◆ Work item
No pictures go into the copy. Write out exactly the lines below from the one containing "Los minimalistas árboles" through the one containing "Phulabani (13 km)".
═══ Dataset content
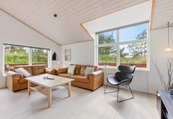 Sommerhuset er rigtig godt egnet til familier med børn, og familiens hund er selvfølgelig også velkommen. Sommerhusets gode størrelse, de moderne faciliteter og brændeovnen indbyder til ren hygge og afslapning med familien – især efter en dejlig gåtur til Vesterhavet. På husets naturgrund mod øst kan børnene hygge sig på gyngestativet og lege i sandkassen.
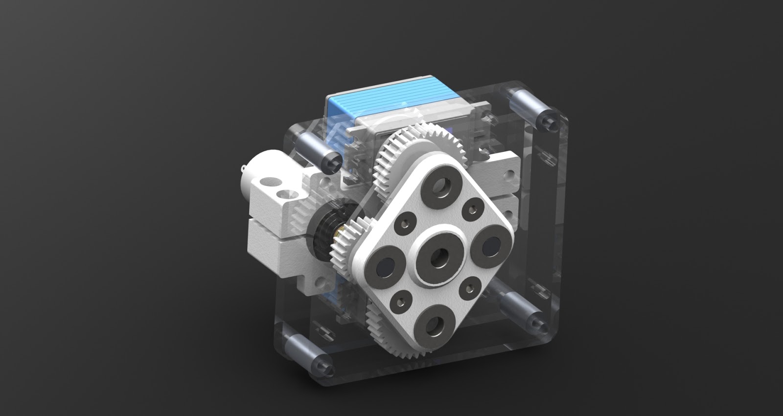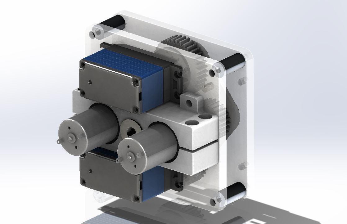 On to the ski lift. First thing I did for the the lift was design and build a giant 4-motor gearbox to combine all the motors I had left to use after building the mini-bots. This consisted of 2 of the BO-P6 motors and 2 Vigor VS-10 servos. In all its ray-traced glory, it looks like this:
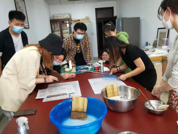 2021年5月12日,历史文化学院2018级档案班在霍艳芳老师带领下,前往太阳成集团tyc151cc图书馆古籍修复室参观学习。古籍修复室张同彬老师和李璇老师耐心地为同学们讲解相关知识并演示操作流程。
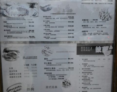 - 餐厅比较大,有各式三明治,汉堡,pizza,这还提供早餐,可贵的是有中文菜单,价格不贵
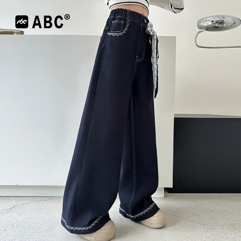 防褪色儿童弯刀裤 裤 春秋款 女孩洋气秋装 子 2025新款 左西女童牛仔裤
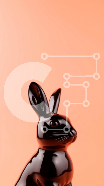 Intra Συλλεκτικό Ξύλινο Παζλ Plywood 4mm – Άγαλμα μαύρο λαγουδάκι σε πορτοκαλί φόντο Σε Ξύλινο Κουτί – Διαστάσεις: 10×10 cm – 25 κομμάτια
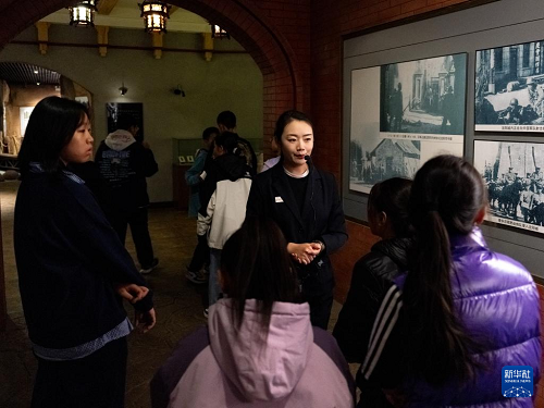 9月18日,在內蒙古呼倫貝爾市,講解員為參觀世界反法西斯戰(zhàn)爭海拉爾紀念園的小學生講解。(新華社記者 馬金瑞 攝)
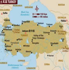 土耳其,全称土耳其共和国。意为『勇敢人的国家』。地跨欧亚两洲,亚洲部分占总面积的97%。面积814578平方公里(含境内水域)。人口6000万(1993),土耳其人占80%以上。官方语言为土耳其语。99%的人信奉伊斯兰教。首都安卡拉。矿藏中硼、锑、铬在世界占重要地位,此外还有铜、铁、煤等。森林面积2000万公顷。农业较发达,工业有一定基础。人均国民生产总值2685美元(1995)。主要农产品有小麦、大麦、棉花、烟草等,粮食自给有余。畜牧业发达,安卡拉羊世界著名。工业以纺织、食品为主,还有石油化工、冶金、水泥、汽车等。出口纺织品、农产品、石油制品、皮革、矿产品等;进口原油、机电产品、化工、车辆、煤炭、有色金属等。有伊斯坦布尔等多个港口。土耳其人史称突厥。8~13世纪突厥人迁至小亚细亚。14世纪建立奥斯曼帝国。15~16世纪极盛时期地跨欧、亚、非三洲。20世纪沦为英、法、德等国殖民地。1919年凯末尔发动民族革命。1923年10月29日(共和国日)建立土耳其共和国。奉行与西方结盟的政策。苏联解体后,密切了与这一地区国家的关系。1971年8月4日同中国建交。
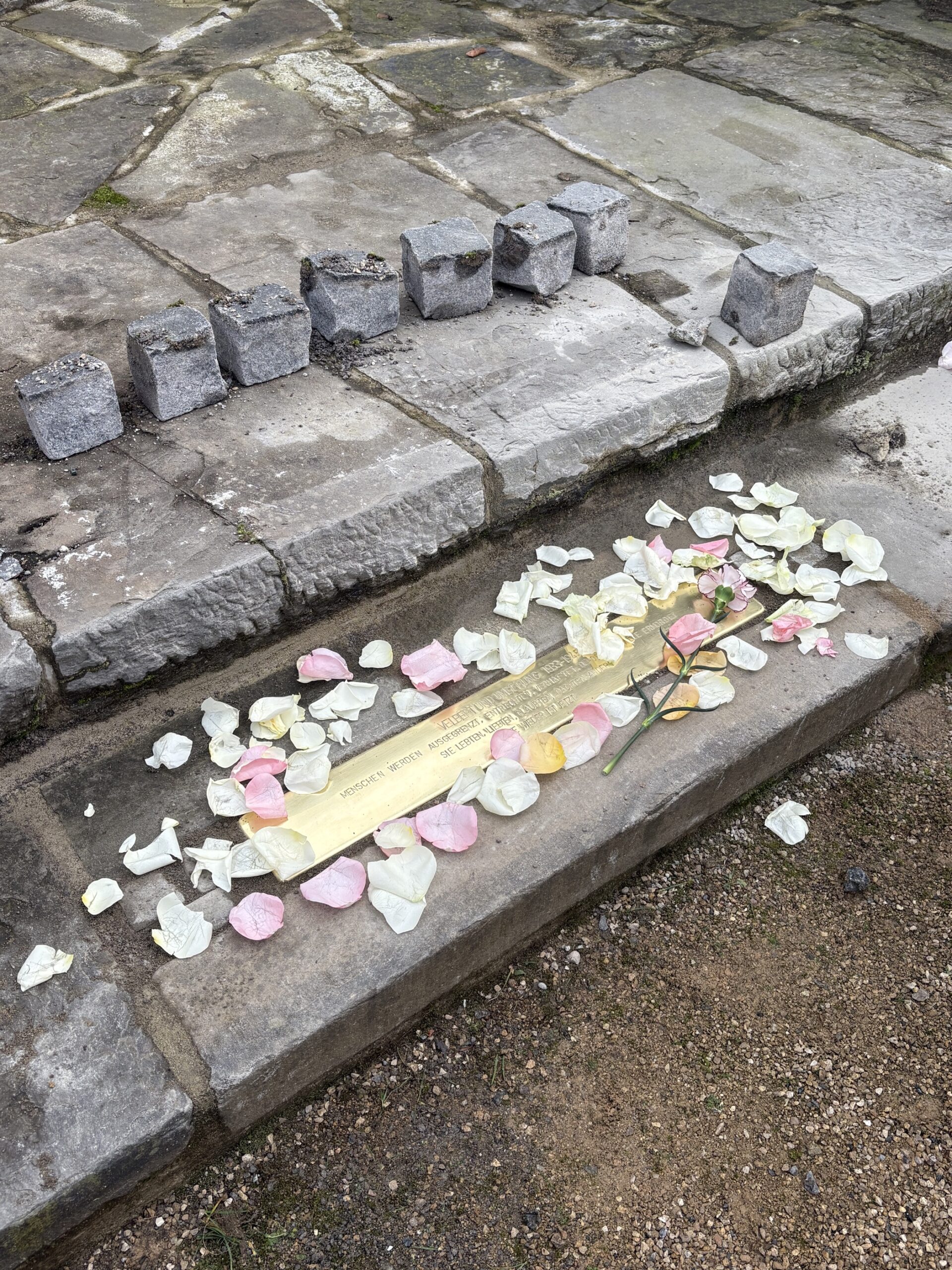 Diese Stolpersteine und die Stolperschwelle erinnern an die Opfer des Nationalsozialismus und laden zum Innehalten, Gedenken und Nachdenken ein. Für die Schülerinnen und Schüler bot sich so die Möglichkeit, Erinnerungskultur unmittelbar vor Ort zu erleben und ein Stück lokaler Geschichte lebendig zu erfahren.
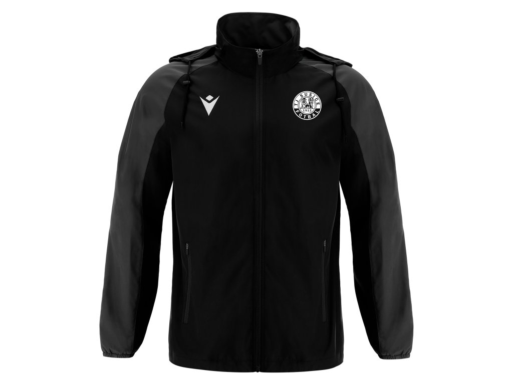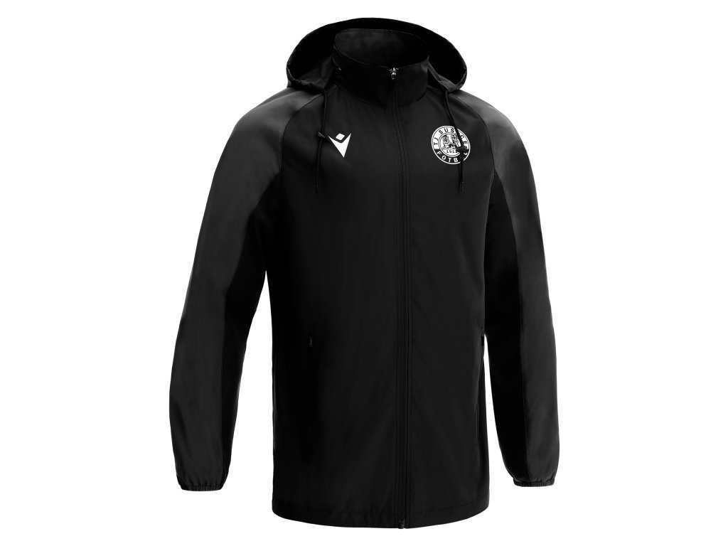 Bunda z voděodolné tkaniny s podšívkou ze síťoviny, nepromokavá a zároveň prodyšná. Obrácený středový zip po celé délce z nylonu s automatickým zámkem. Boční kapsy se zapínáním na zip. Kapuce zabalená do límce, elastické manžety a stahovací šňůrka dole. Tón v tónu vsadky na rukávech.
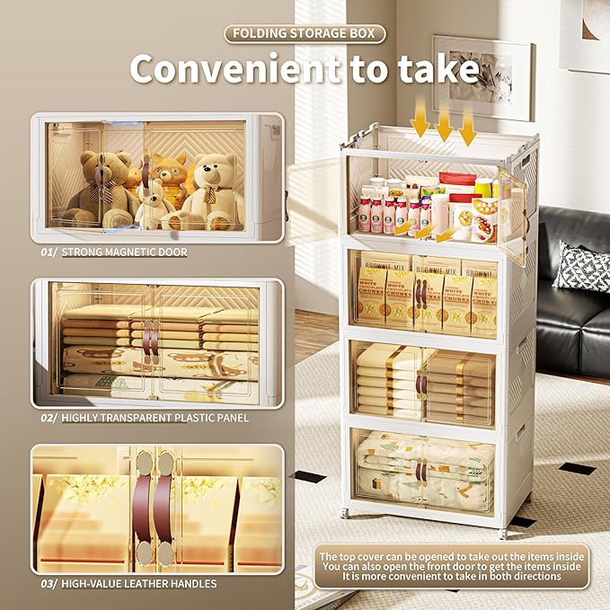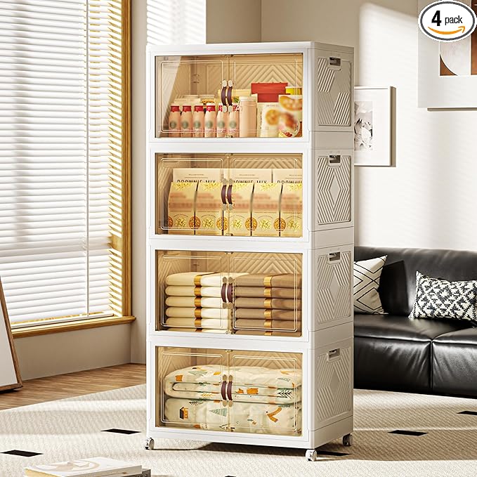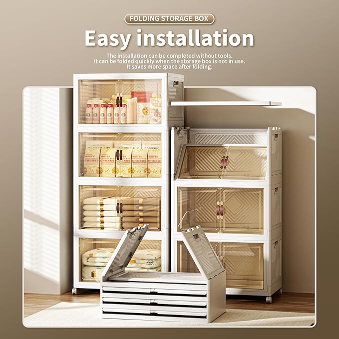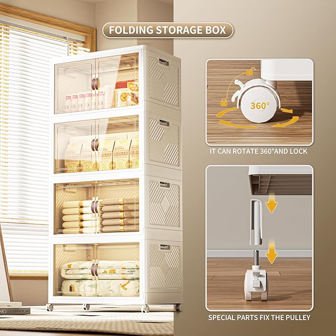 532 QT / 133 Gal Collapsible Storage Bins with Wheels & Magnetic Doors - Stackable Plastic Cabinet Organizer for Home, Garage, Closet (White Space-Saving Containers)
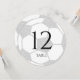 Número de mesa de celebración de balón de fútbol. Número de mesa de balón de fútbol redondo en plata, y texto editable en el frente de la tarjeta.
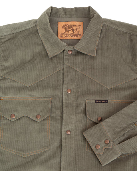 * Indigofera Cooper Shirt, 13W Corduroy, Stone Green.
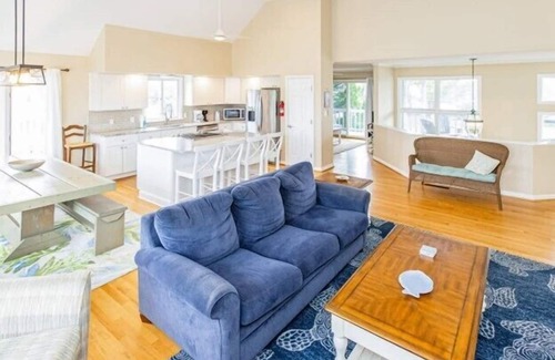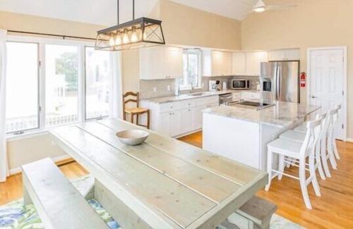 Following Seas is a unique getaway for a fun family vacation. You will find yourself just steps away from the beach. When you arrive, you'll be greeted by a bright interior and a cozy atmosphere throughout the home. Pride in ownership abounds! Relax... read a good book on the plush furniture, stream your favorite shows on the TV, or enjoy grilling out and serving a sunset meal on the second floor deck. Comfortable bedding & spacious bedrooms ensure that everyone will enjoy a great night's rest. On the first floor of this home, you will find 2 spacious bedrooms. The first bedroom is a Queen, while the second has 2 sets of Twin Bunkbeds. These bedrooms have access to a shared full bathroom. On the second floor, you will find the two main living areas, kitchen, and a King Bedroom with ensuite Bath.
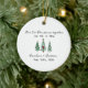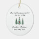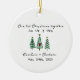 Los minimalistas árboles de Navidad adornan un adorno dulce y personalizado para la primera Navidad de la pareja junto con la fecha boda.
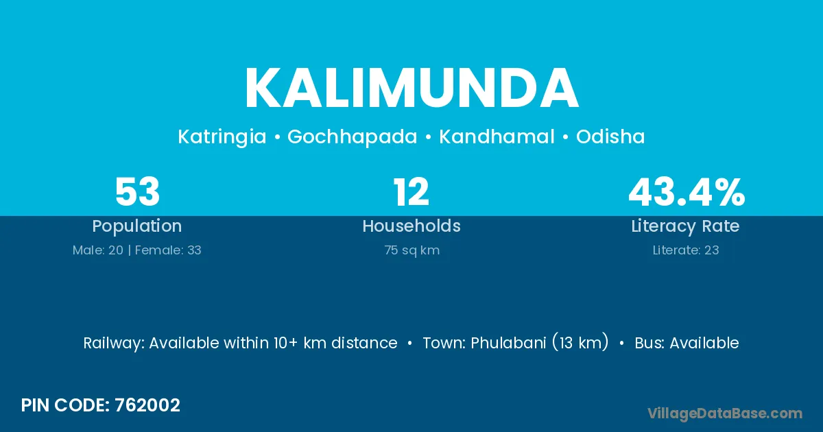 Phulabani (13 km) is the nearest town to Kalimunda village for major economic activities and is located approximately 13 km away.
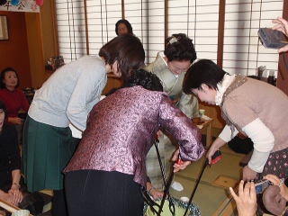 ![]() 今年淀の会に入門させて頂きました。 ベテランの皆様がお集まりになる会に ひよこ…いえまだまだ卵の私が 出席させて頂いていいものか 愛美先生にお伺いしたところ、 ぜひぜひととても喜んで下さいました。 プレゼント交換のプレゼントや メッセージを考えるのも とてもわくわくする時間でした。 淀の会の皆様とお会いすることを楽しみに 当日を迎えることができました。 幹事の皆様がとても素敵な忘年会を 企画して下さっていました。 座席の設定やゲーム、 時間を忘れるくらい夢中で楽しめました。 本当に時間をかけて私達のために 準備をして下さったことに嬉しく思いました。 有難うございました。 また日頃宗家先生と ご一緒させて頂く機会が少ない私ですが、 宗家先生のいつも素敵なお着物の着こなしや、 所作の美しさを目の当たりにして、 自分のがさつさを反省致しました。 そして愛美先生の最後のお茶目な姿でのご挨拶。 いつもレッスンの時間が楽しいのは お優しい愛美先生のおかげなのだと 愛美先生に教えて頂けていることに 感謝致しました。 また恒例?のプレゼント交換で、 一人ひとりのメッセージが読み上げられました。 個性あふれるメッセージとプレゼントで みなさんが心わくわくされたことと思います。 私のプレゼントが当った方に 喜んで頂けたかしらとちょっと心配です。 私は私がちょうど欲しいと思っていたものでした。 私の頂いたメッセージの中で 「演奏会にご出演されたり・・・・」とありました。 残念ながらまだまだ卵の私にとりまして 舞台出演は、遠い先の夢ですが、 いつかそのメッセージが現実のものとなるように 練習を重ねたいと思います。 また来年もぜひ参加をさせて頂きたいと 心から思っています。 宗家先生、愛美先生、幹事の皆様、 楽しい時間を本当に有難うございました。 (堺市在住 M・O 平成23年入門) |
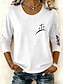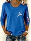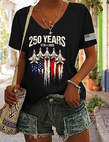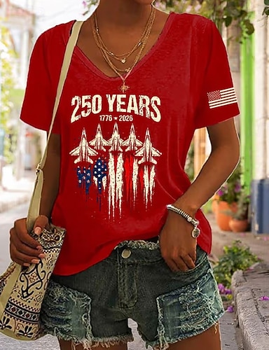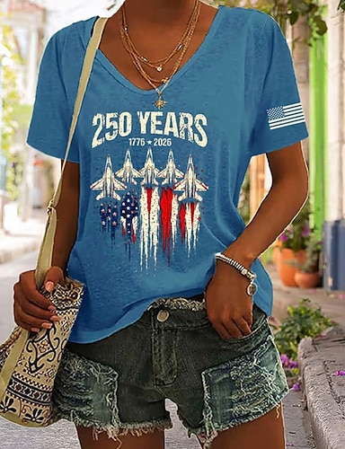 Amerykański Dzień Niepodległości Damskie Podkoszulek Nadruk Graficzny Flaga Zabytkowe Moda Codzienny Krótki rękaw W serek Zwykłe topy Codzienny Niebieski Biały Czerwony Lato Wiosna
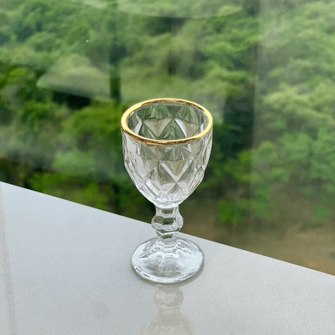 Cada taça possui um design distinto em formato de diamante, acentuado por um delicado fio de ouro, proporcionando uma experiência de degustação única.
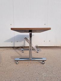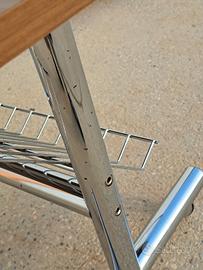 Tavolino basso con ripiano porta riviste e rotelle. Piano rettangolare in legno e struttura in metallo cromato, design anni 70. Ripiano portariviste in griglia metallica con inclinazione regolabile a piacere. Buone condizioni con alcuni segni del tempo sulle zampe metalliche. piano 80 x 50 cm alto 52,5 cm disponibile a Olmo di Martellago
══════
◆ Solution for this problem
 Los minimalistas árboles de Navidad adornan un adorno dulce y personalizado para la primera Navidad de la pareja junto con la fecha boda.
 Phulabani (13 km) is the nearest town to Kalimunda village for major economic activities and is located approximately 13 km away.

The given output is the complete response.